▶ **PROVIDED INFORMATION**
________________________________________

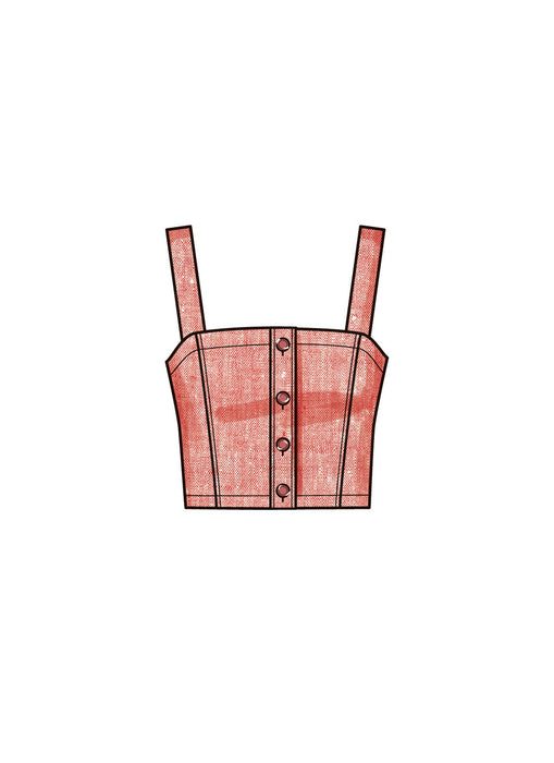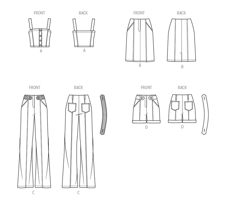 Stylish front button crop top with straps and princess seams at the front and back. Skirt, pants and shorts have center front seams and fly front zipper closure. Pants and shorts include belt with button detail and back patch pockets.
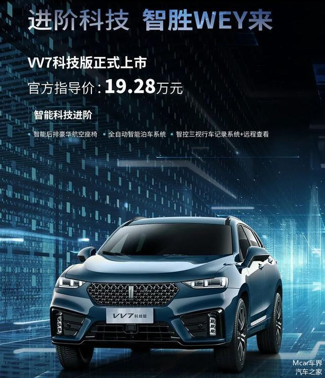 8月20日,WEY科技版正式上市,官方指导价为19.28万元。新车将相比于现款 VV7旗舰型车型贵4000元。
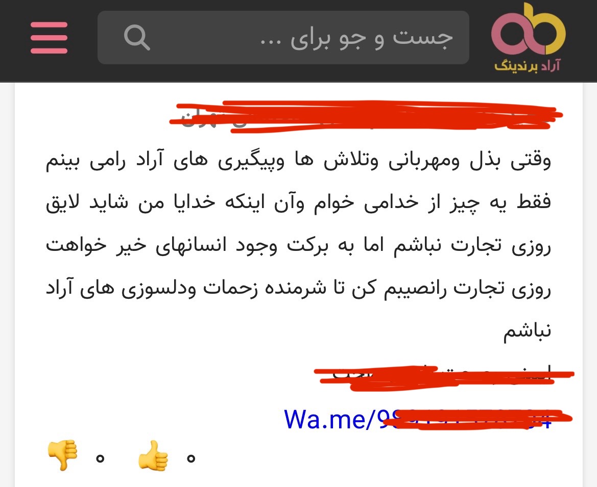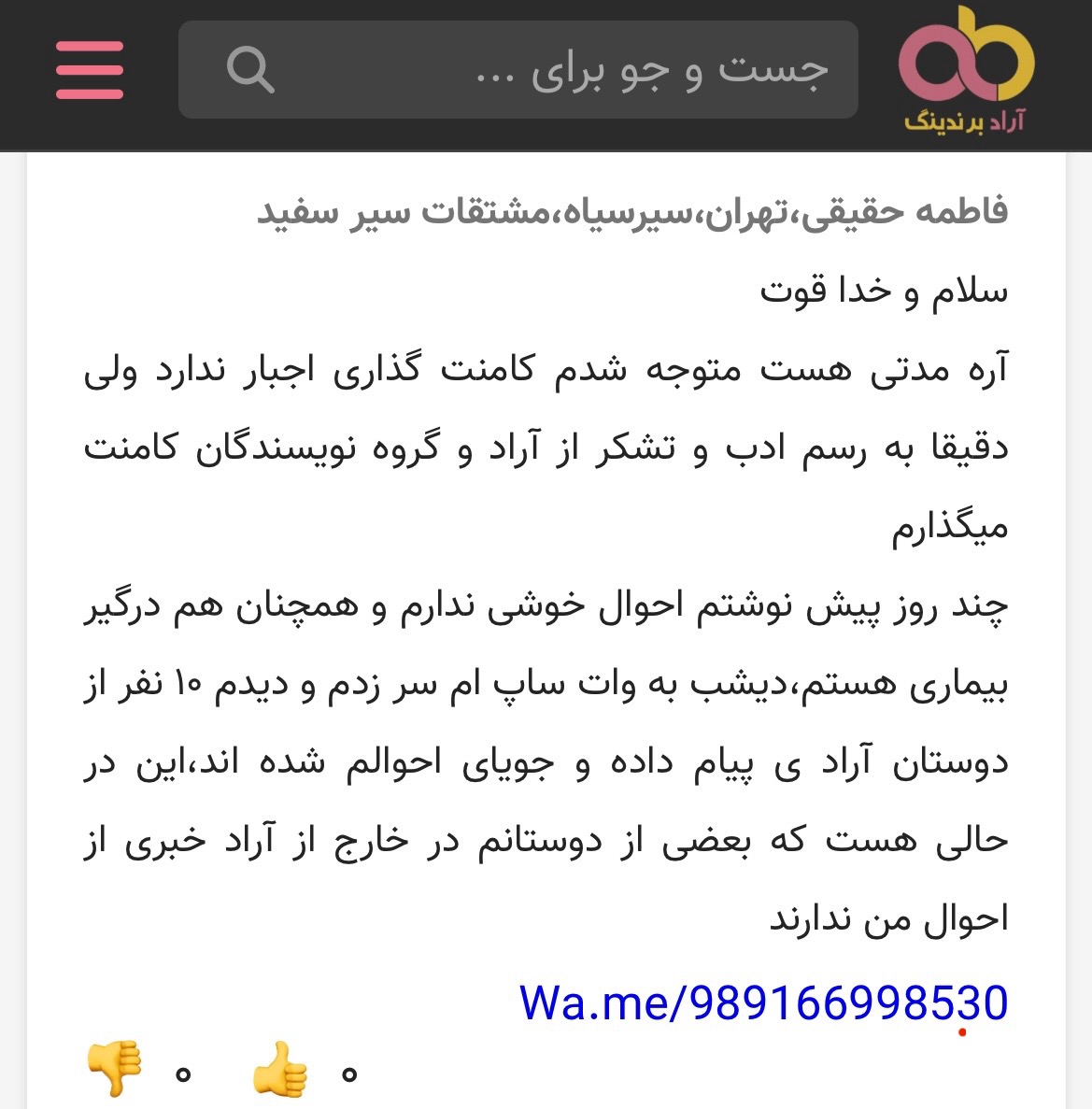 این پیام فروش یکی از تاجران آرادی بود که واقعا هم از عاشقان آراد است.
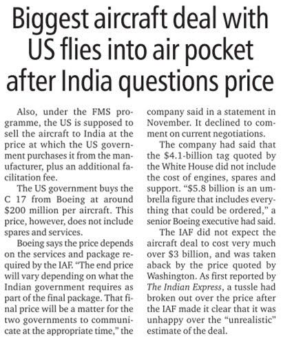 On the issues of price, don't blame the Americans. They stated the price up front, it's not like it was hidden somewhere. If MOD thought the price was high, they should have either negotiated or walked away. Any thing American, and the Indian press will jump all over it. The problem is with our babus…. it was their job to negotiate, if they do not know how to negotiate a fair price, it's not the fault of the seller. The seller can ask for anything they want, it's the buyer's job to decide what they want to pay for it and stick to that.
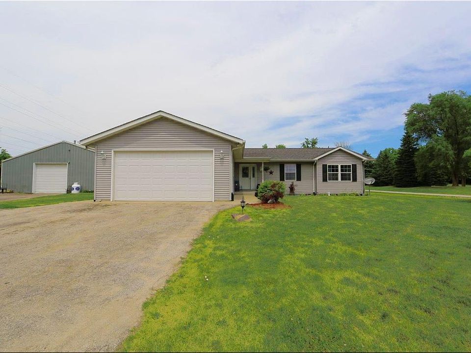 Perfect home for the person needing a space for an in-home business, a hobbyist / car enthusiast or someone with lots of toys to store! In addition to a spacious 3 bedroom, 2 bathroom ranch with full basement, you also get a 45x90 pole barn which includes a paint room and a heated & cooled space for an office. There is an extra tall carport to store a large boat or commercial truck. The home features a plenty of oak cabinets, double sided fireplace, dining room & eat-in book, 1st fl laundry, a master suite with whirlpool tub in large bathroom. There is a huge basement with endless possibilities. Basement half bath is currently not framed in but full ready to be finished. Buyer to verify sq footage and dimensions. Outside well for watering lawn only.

________________________________________

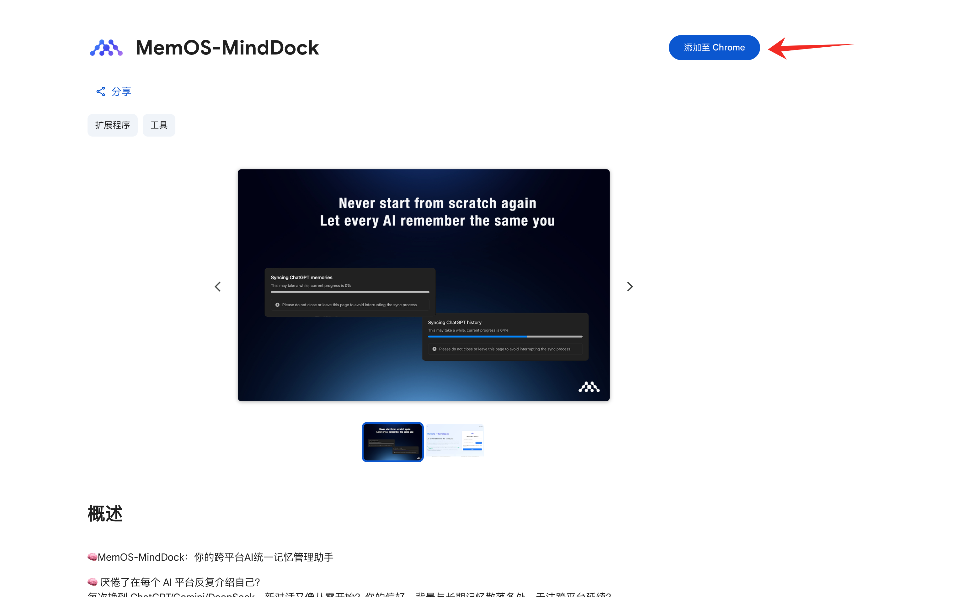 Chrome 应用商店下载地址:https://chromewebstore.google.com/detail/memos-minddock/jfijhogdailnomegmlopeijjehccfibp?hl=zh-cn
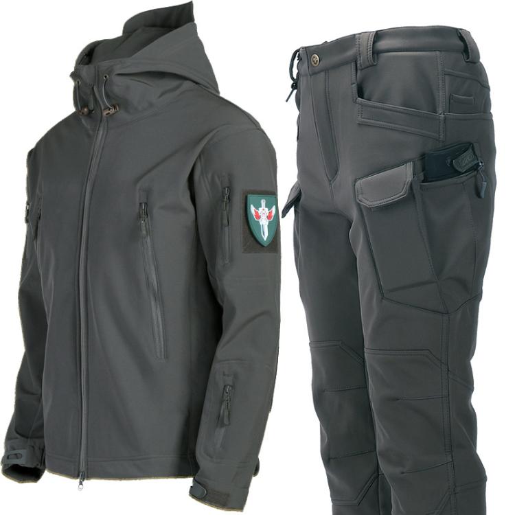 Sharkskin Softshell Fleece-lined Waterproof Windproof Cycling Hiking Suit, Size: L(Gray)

________________________________________

▶ **PROBLEM TO WORK ON**
Give again the stretch of lines above from the one with "Chrome 应用商店下载地" through the one with "Sharkskin Softshell Fleece-lined", both ends kept, and copy no pictures.

▶ **SOLUTION BELOW**
 Chrome 应用商店下载地址:https://chromewebstore.google.com/detail/memos-minddock/jfijhogdailnomegmlopeijjehccfibp?hl=zh-cn
 Sharkskin Softshell Fleece-lined Waterproof Windproof Cycling Hiking Suit, Size: L(Gray)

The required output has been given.